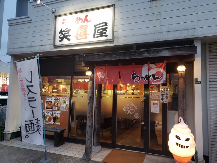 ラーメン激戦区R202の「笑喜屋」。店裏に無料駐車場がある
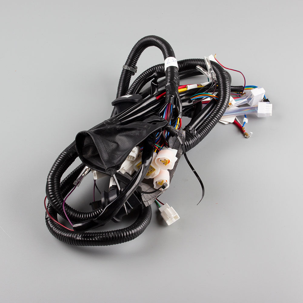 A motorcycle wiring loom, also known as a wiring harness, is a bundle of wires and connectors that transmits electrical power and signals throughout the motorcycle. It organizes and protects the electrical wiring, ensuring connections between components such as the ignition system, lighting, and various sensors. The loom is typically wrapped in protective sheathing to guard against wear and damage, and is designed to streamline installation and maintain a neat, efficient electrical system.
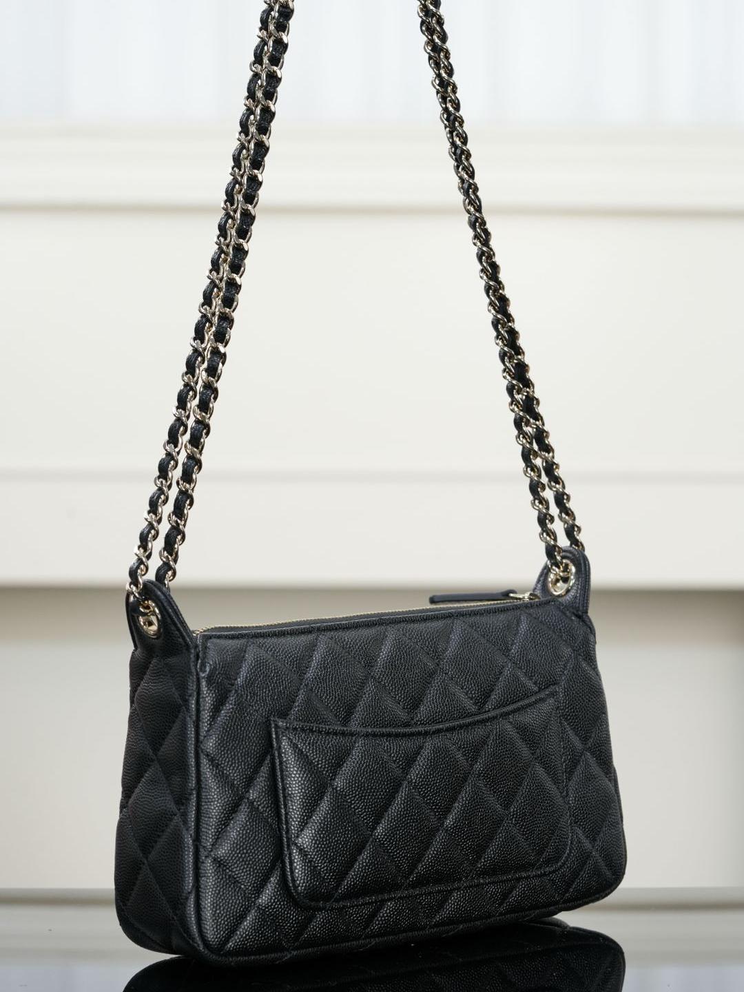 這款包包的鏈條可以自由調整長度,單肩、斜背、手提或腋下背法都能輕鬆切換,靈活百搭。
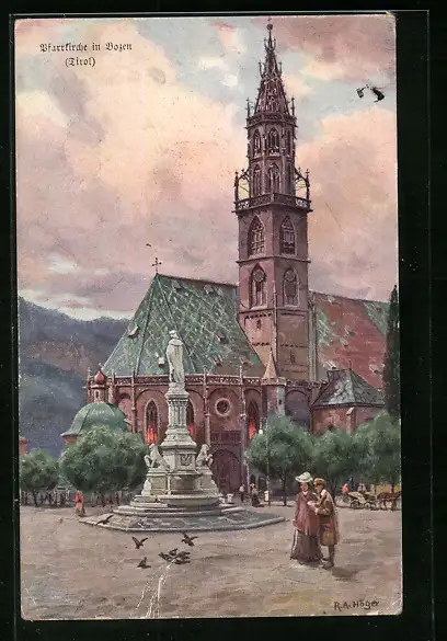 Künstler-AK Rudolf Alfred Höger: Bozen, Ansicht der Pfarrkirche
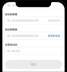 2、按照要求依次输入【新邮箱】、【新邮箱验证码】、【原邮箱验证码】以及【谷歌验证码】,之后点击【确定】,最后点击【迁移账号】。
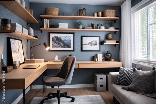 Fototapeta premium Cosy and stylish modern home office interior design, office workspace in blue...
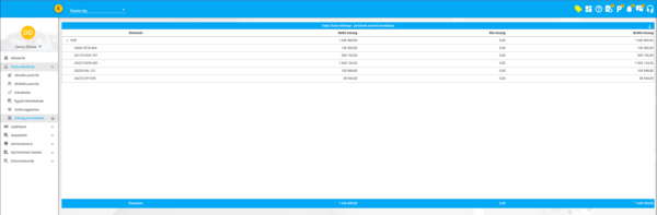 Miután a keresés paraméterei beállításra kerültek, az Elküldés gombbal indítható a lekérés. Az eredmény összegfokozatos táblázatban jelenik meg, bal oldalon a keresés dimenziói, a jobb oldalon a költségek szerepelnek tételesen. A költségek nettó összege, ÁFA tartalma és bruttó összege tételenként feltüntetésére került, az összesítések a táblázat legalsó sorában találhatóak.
::::::::::
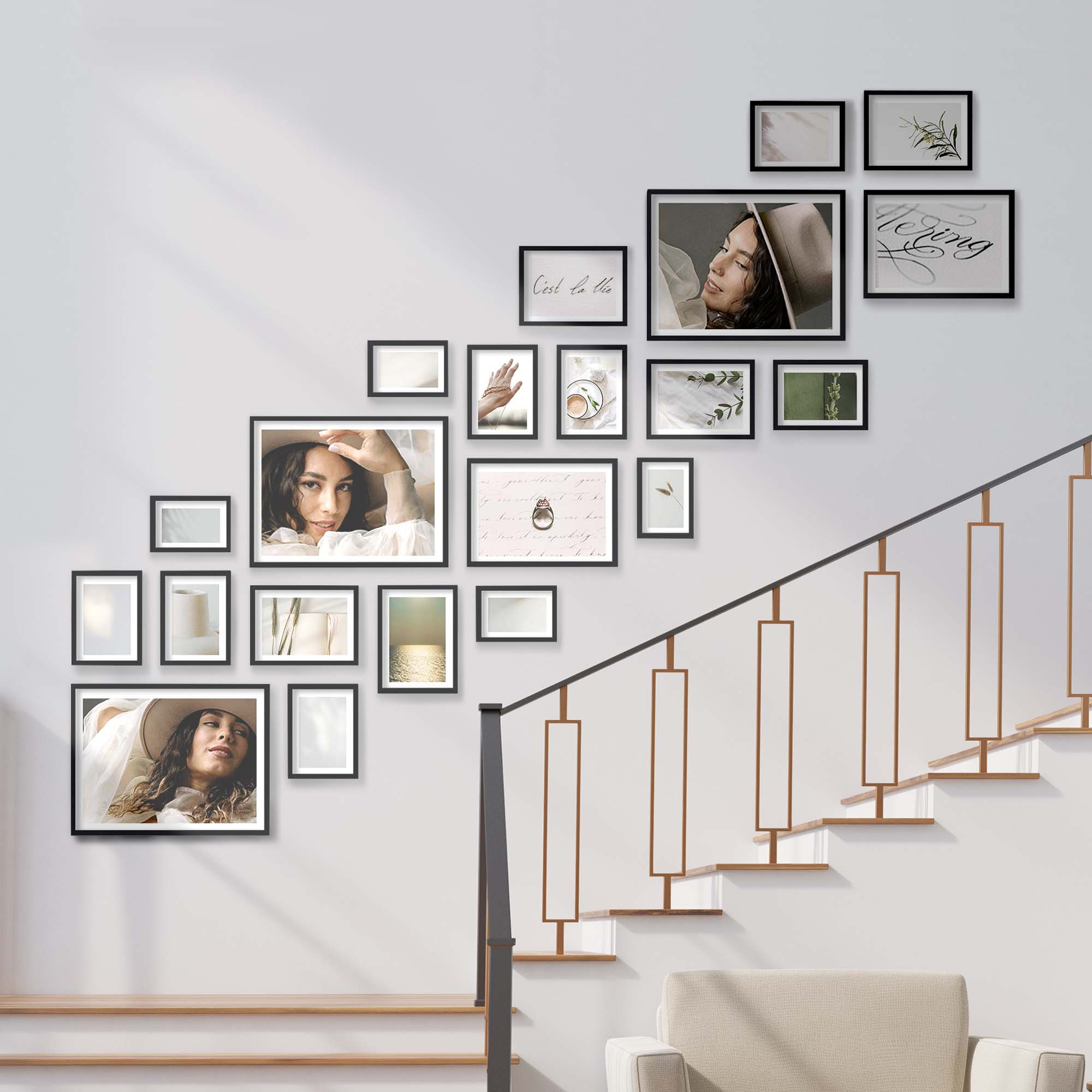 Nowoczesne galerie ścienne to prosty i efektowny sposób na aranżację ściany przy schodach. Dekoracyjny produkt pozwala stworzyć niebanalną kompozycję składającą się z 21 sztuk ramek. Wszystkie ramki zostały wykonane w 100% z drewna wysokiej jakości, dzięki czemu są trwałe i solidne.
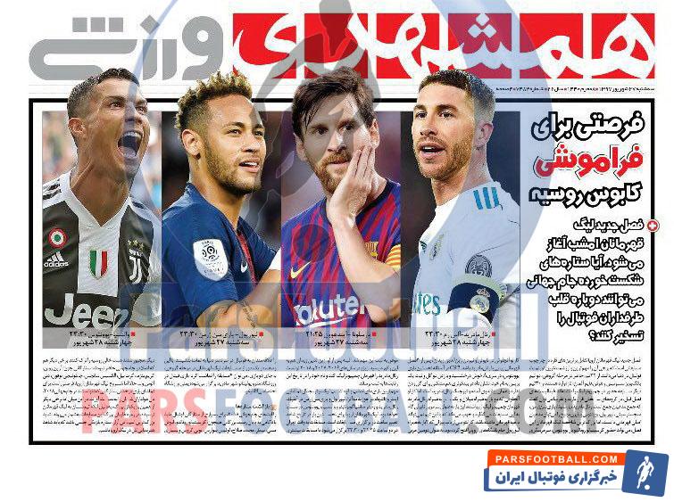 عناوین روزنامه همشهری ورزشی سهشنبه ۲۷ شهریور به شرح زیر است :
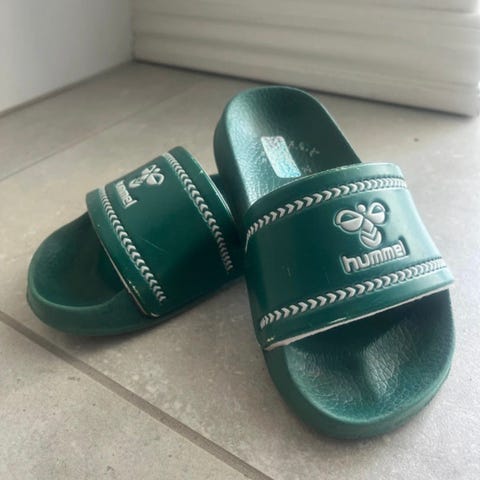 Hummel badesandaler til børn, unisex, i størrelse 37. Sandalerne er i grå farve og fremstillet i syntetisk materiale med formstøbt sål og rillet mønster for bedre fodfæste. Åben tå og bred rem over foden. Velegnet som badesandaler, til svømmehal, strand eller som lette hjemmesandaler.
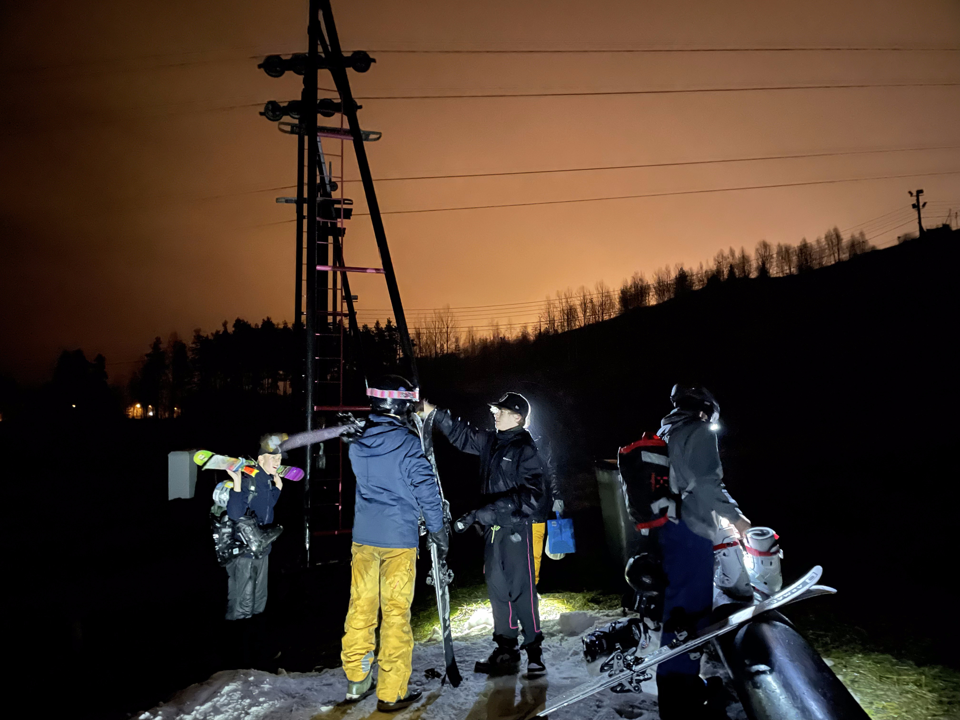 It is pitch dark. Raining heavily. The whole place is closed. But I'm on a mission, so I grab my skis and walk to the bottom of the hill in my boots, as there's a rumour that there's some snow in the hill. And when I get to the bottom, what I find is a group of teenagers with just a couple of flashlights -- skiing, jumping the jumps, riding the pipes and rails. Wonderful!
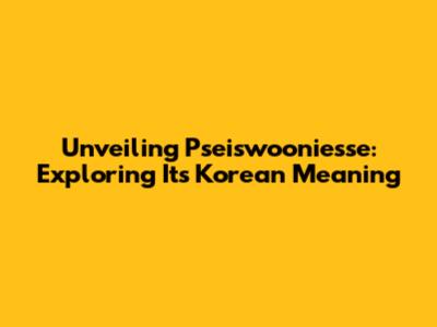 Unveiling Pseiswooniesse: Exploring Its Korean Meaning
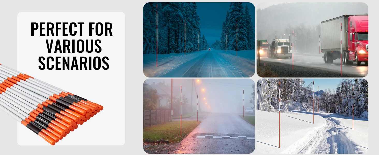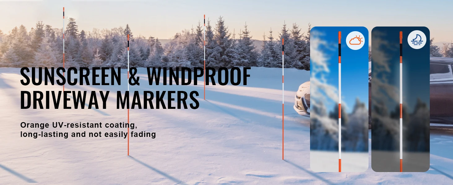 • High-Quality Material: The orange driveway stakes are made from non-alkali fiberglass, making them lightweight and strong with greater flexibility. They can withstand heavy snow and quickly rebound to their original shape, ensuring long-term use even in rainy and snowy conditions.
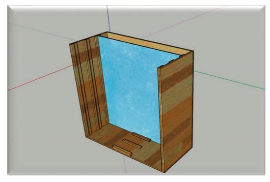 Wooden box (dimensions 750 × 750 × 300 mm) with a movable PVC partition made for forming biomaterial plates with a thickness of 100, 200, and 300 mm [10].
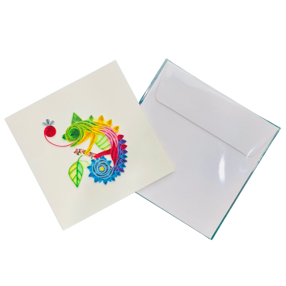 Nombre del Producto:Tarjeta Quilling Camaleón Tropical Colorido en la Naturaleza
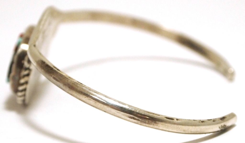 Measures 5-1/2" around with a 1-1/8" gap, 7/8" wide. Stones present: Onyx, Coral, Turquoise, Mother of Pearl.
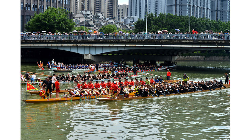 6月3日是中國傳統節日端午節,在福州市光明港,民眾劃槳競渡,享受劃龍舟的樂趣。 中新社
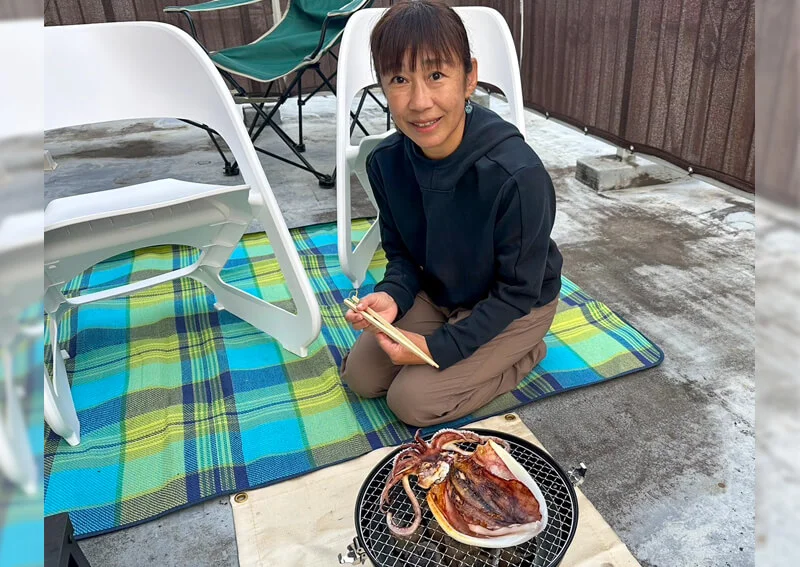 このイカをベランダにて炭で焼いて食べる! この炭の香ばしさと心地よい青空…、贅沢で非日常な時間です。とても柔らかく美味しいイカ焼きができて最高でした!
::::::::::
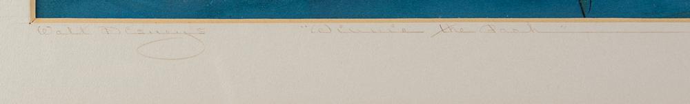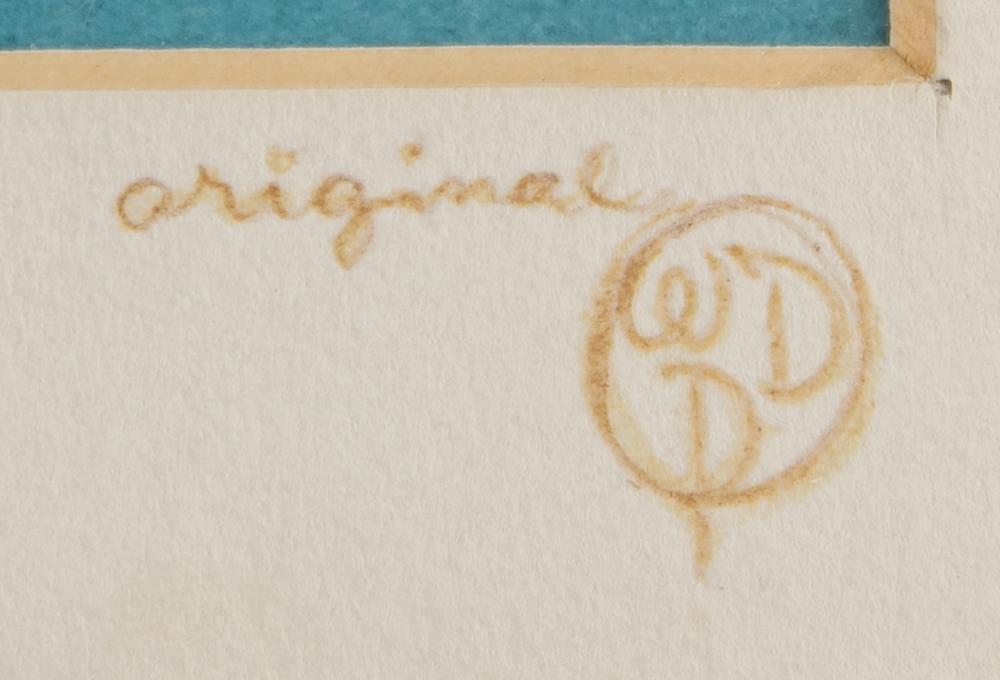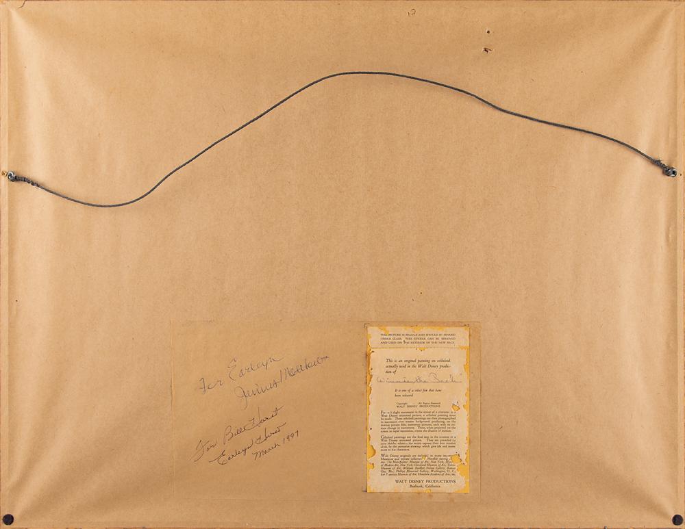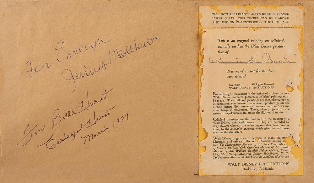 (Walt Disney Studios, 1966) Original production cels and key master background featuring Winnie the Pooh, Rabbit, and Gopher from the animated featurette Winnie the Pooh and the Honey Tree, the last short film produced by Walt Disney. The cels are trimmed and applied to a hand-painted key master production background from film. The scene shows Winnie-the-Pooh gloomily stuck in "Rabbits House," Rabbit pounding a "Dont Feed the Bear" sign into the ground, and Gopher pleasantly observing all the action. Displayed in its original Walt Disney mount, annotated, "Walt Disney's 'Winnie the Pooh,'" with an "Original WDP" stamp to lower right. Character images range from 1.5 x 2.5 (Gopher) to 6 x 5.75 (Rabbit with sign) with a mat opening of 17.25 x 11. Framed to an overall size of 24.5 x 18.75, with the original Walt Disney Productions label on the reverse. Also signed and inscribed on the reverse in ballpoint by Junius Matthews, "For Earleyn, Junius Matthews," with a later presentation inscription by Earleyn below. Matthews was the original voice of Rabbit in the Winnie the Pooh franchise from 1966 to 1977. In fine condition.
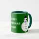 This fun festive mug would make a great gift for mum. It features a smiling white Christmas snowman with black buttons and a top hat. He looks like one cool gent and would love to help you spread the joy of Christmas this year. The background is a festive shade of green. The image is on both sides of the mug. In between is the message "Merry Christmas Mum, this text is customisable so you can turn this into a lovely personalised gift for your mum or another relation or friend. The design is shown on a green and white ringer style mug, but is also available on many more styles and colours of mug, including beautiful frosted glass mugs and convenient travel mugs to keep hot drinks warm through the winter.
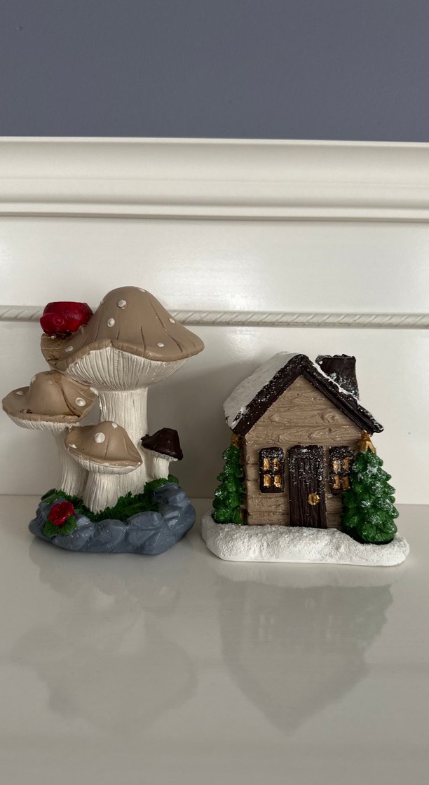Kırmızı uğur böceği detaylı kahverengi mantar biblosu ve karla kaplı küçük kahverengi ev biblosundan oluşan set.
::::::::::
In the listing above, find the line containing "Nombre del Producto:Tarjeta" and the line containing "このイカをベランダにて炭で焼". Print those two lines and every line between them exactly, with no pictures.

 Nombre del Producto:Tarjeta Quilling Camaleón Tropical Colorido en la Naturaleza
 Measures 5-1/2" around with a 1-1/8" gap, 7/8" wide. Stones present: Onyx, Coral, Turquoise, Mother of Pearl.
 6月3日是中國傳統節日端午節,在福州市光明港,民眾劃槳競渡,享受劃龍舟的樂趣。 中新社
 このイカをベランダにて炭で焼いて食べる! この炭の香ばしさと心地よい青空…、贅沢で非日常な時間です。とても柔らかく美味しいイカ焼きができて最高でした!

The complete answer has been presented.